Senate panel votes to give White House an out on coup restrictions

A Senate panel voted Wednesday to give the Obama administration flexibility to continue aid to Egypt and other countries even in the case of a military coup.

The bill, which cleared the Foreign Relations Committee 16-1, gives the administration the option to waive legal restrictions on foreign aid. The administration must first assure Congress that the aid is in America’s “vital national security interests” and that its recipient is “committed to restoring democratic governance and due process of law, and is taking demonstrable steps toward holding free and fair elections in a reasonable timeframe.” 

The legislation has the support of the White House, which has been seeking clarity on its ability to continue $1.3 billion in annual military aid to Egypt after the military booted the country’s democratically elected president in July.

“Giving the scale of U.S. aid and the ongoing strategic significance of a stable, prosperous Egypt, this total shutdown does not serve in my view the U.S. or Egypt’s interests,” said the panel’s chairman, Sen. Robert Menendez (D-N.J.).

{mosads}Sen. Rand Paul (R-Ky.) was the lone “no” vote. He argued the bill would weaken congressional oversight. 

“I think it’s a mistake to have less restrictions on foreign aid,” he said. “Now we’re going to weaken the law, and say the president can have a waiver.”

Menendez and others disagreed, saying the legislation for the first time requires the administration to determine whether a coup had taken place before seeking a waiver. The State Department came under sharp criticism over the summer after deciding not to make a determination on whether the Egyptian military’s forceful removal of President Mohamed Morsi amounted to a coup.

“In the future, there will have to be a coup determination,” said Sen. Bob Corker (Tenn.), the top Republican on the panel. “We cannot just sit on the sidelines and not decide whether it is or is not. But it also gives the appropriate flexibility I think is necessary to the administration.”

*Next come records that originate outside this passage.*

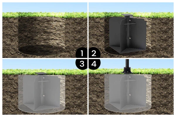 Der Bodenanker mit den Maßen von ca. 50 x 50 x 63 cm ist eine platzsparende Alternative zum Platten bzw. Schirmständer und minimiert die Stolperfallen in Ihrem Garten oder auf Ihrer Terrasse. Der Drehteller des Sonnenschirms oder das Standrohr werden zur Befestigung einfach auf den Bodenanker geschraubt und schon hat der Sonnenschirm einen festen Halt. Viele OUTFLEXX® Ampelschirme, vor allem die Luxus Variante und die Schneider Schirme aus den Serien Rhodos und Samos können direkt auf dem Bodenanker montiert werden. Sollten Sie bereits einen anderen Schirm zuhause haben, können Sie die praktische OUTFLEXX® Adapterplatte nutzen. Der Bodenanker eignet sich zum Einbetonieren oder zum Eingraben in Mutterboden. Zum Einbetonieren benötigen Sie ein Betonfundament in der Größe von mind. ca. 50 x 50 x 63 cm.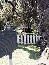 In the late winter of 1867, Stowe followed her son to Florida, finding that the warmer weather allowed her to spend more time on two novels she was writing. Her first weeks in Orange Park utterly transformed her and she became enchanted with Florida at once,[13] writing that she felt she had sprouted wings and become "young & frisky".[14] She accompanied her son one day to collect the mail, which was deposited in Mandarin, about 3 miles (4.8 km) across the St. Johns River. They rowed to the eastern shore and Stowe fell in love with a cottage in Mandarin, attached to an orange grove. Stowe's transformation in Florida was rooted in her identification and familiarity with Puritan New England: industry and thrift in a climate where cold sharpened one's senses and values. The laid-back attitude of the people and warmth of the Southern climate were seductive. She at first attempted to persuade her brother Charles to purchase the land in Mandarin, writing to him and asking "How do you think New England theology would have fared had been landed here instead of Plymouth Rock?"[1] She wrote about the land and climate intoxicating her and pondered the effect it might have had on literature when she posed an idea to her publisher: "I hate to leave my calm isle of Patmos—where the world is not and I have such quiet long hours for writing. [Ralph Waldo] Emerson could insulate himself here and keep his electricity. [Nathaniel] Hawthorne ought to have lived in an orange grove in Florida."[15]
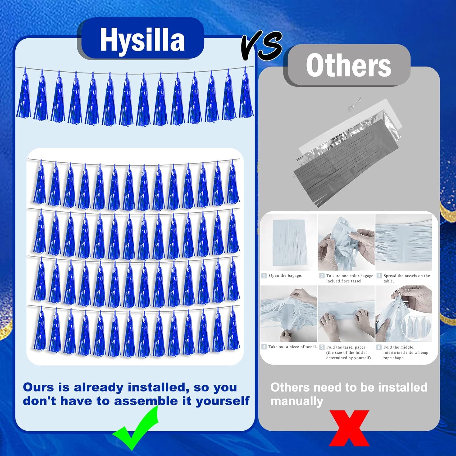 - 【Blue Party Supplies Set】: The total length of the blue birthday tassels banner is 78.7 feet 120tassels, divided into 8 strips, each 9.8 feet long. Each banner contains 15 tassels, and each tassel measures 14 inches, for birthday decorations many occasions, and so on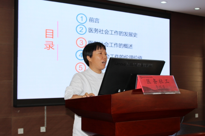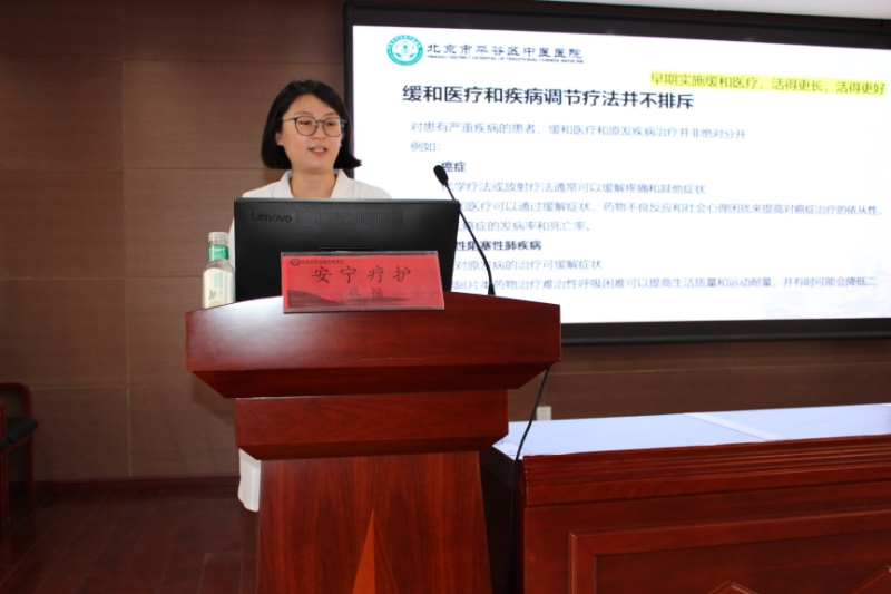 李瑞芬护士以“温情守护—医务社工介入安宁疗护”为题进行分享。她从医务社会工作的发展史、医务社会工作的伦理价值、医务社会工作理论运用、平谷中医院医务社工工作开展情况等方面进行介绍,让我们对医务社工有了更加深入地了解,也对医务社工介入安宁疗护工作的内容和模式有了更进一步地认识。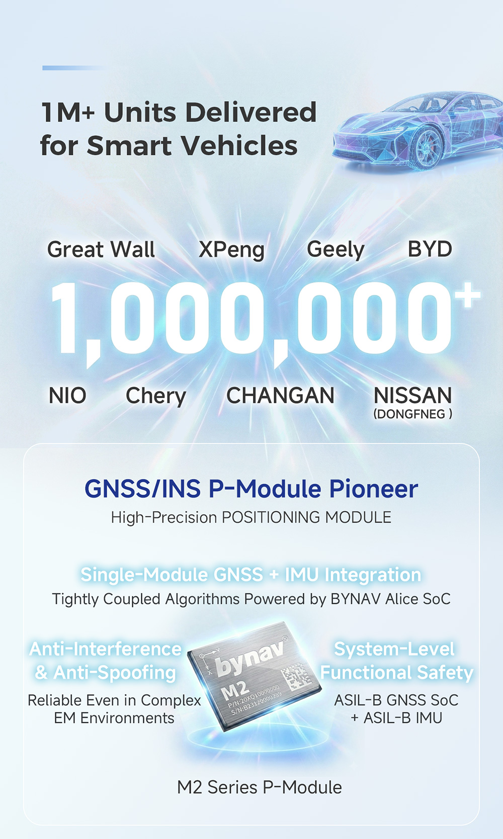 Bynav’s automotive-grade integrated navigation modules have successfully entered mass production, supporting vehicle solutions powered by Horizon Robotics and NVIDIA AI platforms.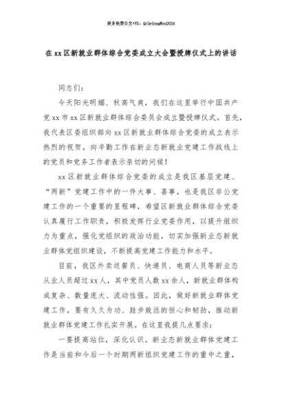 【七哥公文】2024年:在xx区新就业群体综合党委成立大会暨授牌仪式上的讲话+更多免费公文+VX:QiGeGongWen2024

The committee also passed two resolutions targeting Iran: One calls on the country to help find and free Robert Levinson, a U.S. spy who has been missing since 2007 after visiting Iran on an unsanctioned mission for the CIA; the other condemns Iran’s “state-sponsored persecution of its Baha’i minority and its continued violation of the International Covenants on Human Rights.”

The panel also approved resolutions calling for the establishment of the Special Envoy to Promote Religious Freedom of Religious Minorities in the Near East and South Central Asia; commemorating and supporting the goals of World AIDS Day; and expressing the sense of the Senate regarding the critical need for political reform in Bangladesh. 

And it cleared President Obama’s nominees to serve as chief executive officer of the Millennium Challenge Corporation, United States Executive Director of the Inter-American Development Bank, and United States Representative to the United Nations Human Rights Council.